Questa funzione, proprio come una rete di contatto, (Ferrari A.B., L’alba del pensiero, Borla 1998) ci permette di organizzare le percezioni e le emozioni, senza esserne sopraffatti, e poter attribuire loro un significato.

Sensazioni ed emozioni da una parte e apparato pensante dall’altro lavorano in sinergia per trovare delle corrispondenze significative che diano a noi il senso delle nostre azioni e delle nostre percezioni.

 

Perché proviamo angoscia?

Quando questa armonia non è in grado di costituirsi viviamo quella che possiamo definire uno stato disarmonico di emozioni e confusione mentale, fino ad arrivare ad una vera e propria sofferenza psico-fisica.

Riconosciamo questa sofferenza psichica ad esempio quando incontriamo persone che vivono con un alto livello di angoscia, tale da saturare ogni possibilità di attribuire significato e senso a ciò che sperimentano. La rete di contatto sembra aver preso la forma di una vera e propria barriera,  non in grado di creare rappresentazioni di ciò che si vive e conferire una connotazione e coloritura emotiva.

Ci sembrerà di vivere situazioni di tensione e di conflitto nelle quali potremmo percepire la nostra mente troppo distante dalle emozioni, non in grado di coglierle, decifrarle, ma che opera basandosi su teorie rigide da cui ci sembra impossibile prendere respiro.

Viceversa, potremmo incorrere in una fragilità emotiva e una sofferenza immensa tale da travolgere la nostra capacità di riflettere su noi stessi.

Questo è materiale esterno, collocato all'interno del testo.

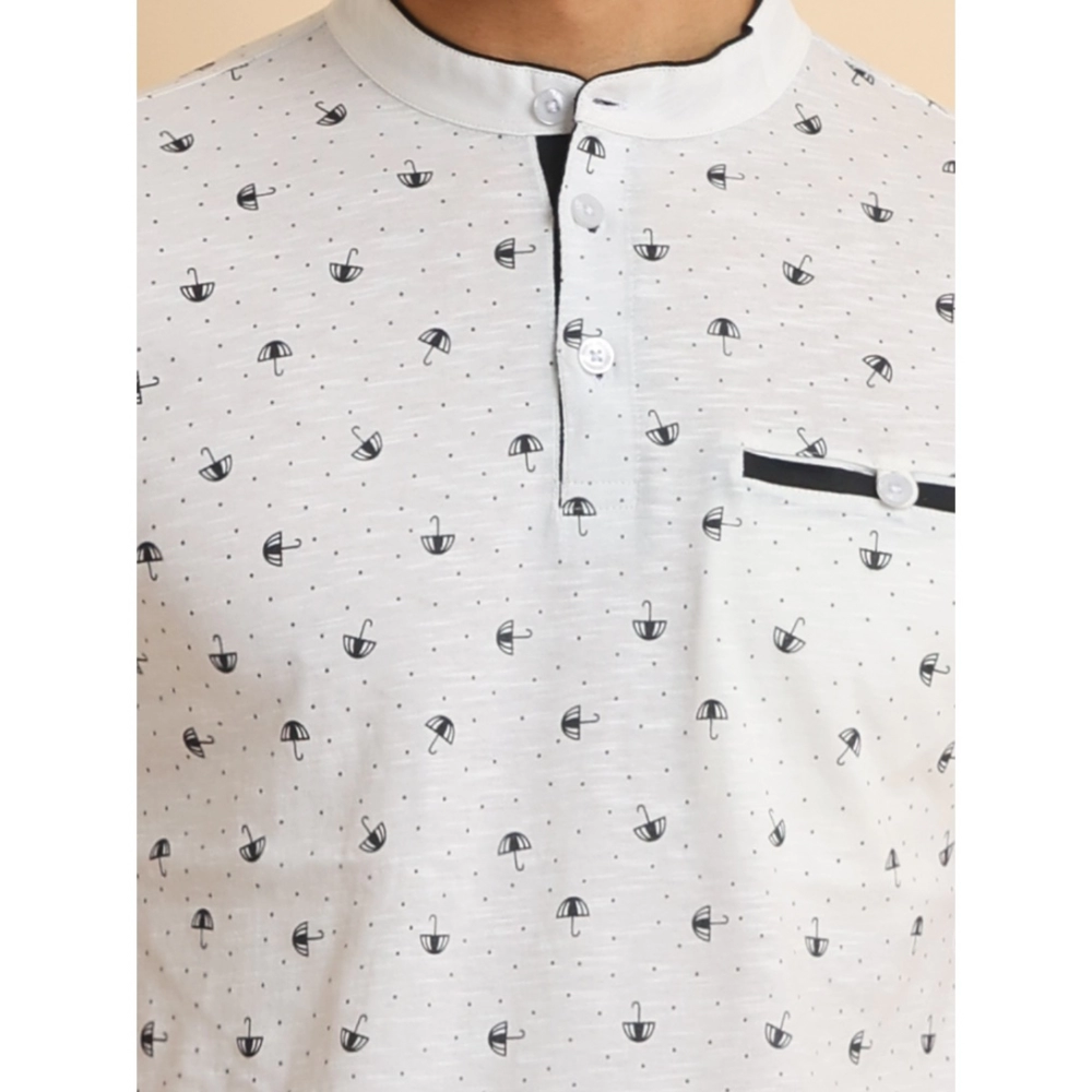 Men’s Casual Cotton Printed Mandarin Collar Half Sleeve T-Shirt

Ad esempio quest’ultimo caso sembra essere molto frequente nelle condizioni di malattia. In questi frangenti è possibile che le emozioni e le sensazioni invadono con violenza lo spazio mentale che diventa saturo di angosce connesse al dolore e alla minaccia di morte.

 

Angoscia, imparare a conoscerla per superarla

Il lavoro clinico e di sostegno psicologico può lavorare nella direzione di favorire la creazione della distanza dallo stimolo angosciante (ad esempio il pensiero della morte, l’esperienza di un evento traumatico, lutto e perdita, et al…) e permettere la formazione dello spazio mentale dove può avvenire la messa a fuoco delle sensazioni-emozioni che spingono e hanno urgenza di poter emergere, essere ascoltate e accolte.

Ciò che può emergere è appunto la trasformazione delle sensazioni in emozioni, sino ad arrivare al pensiero e quindi al linguaggio.

Rendere dicibili le nostre emozioni è un passaggio fondamentale per comprenderle, e comprendere noi stessi in quel luogo cammino, di evoluzioni e trasformazioni, che è  la vita stessa.

Lo spazio di sostegno e in molti casi, ove sia necessario, un percorso di psicoterapia, è inteso come spazio non solo fisico ma anche mentale, in cui poter riattivare nuovi processi trasformativi e favorire una crescita e comprensione emozionale.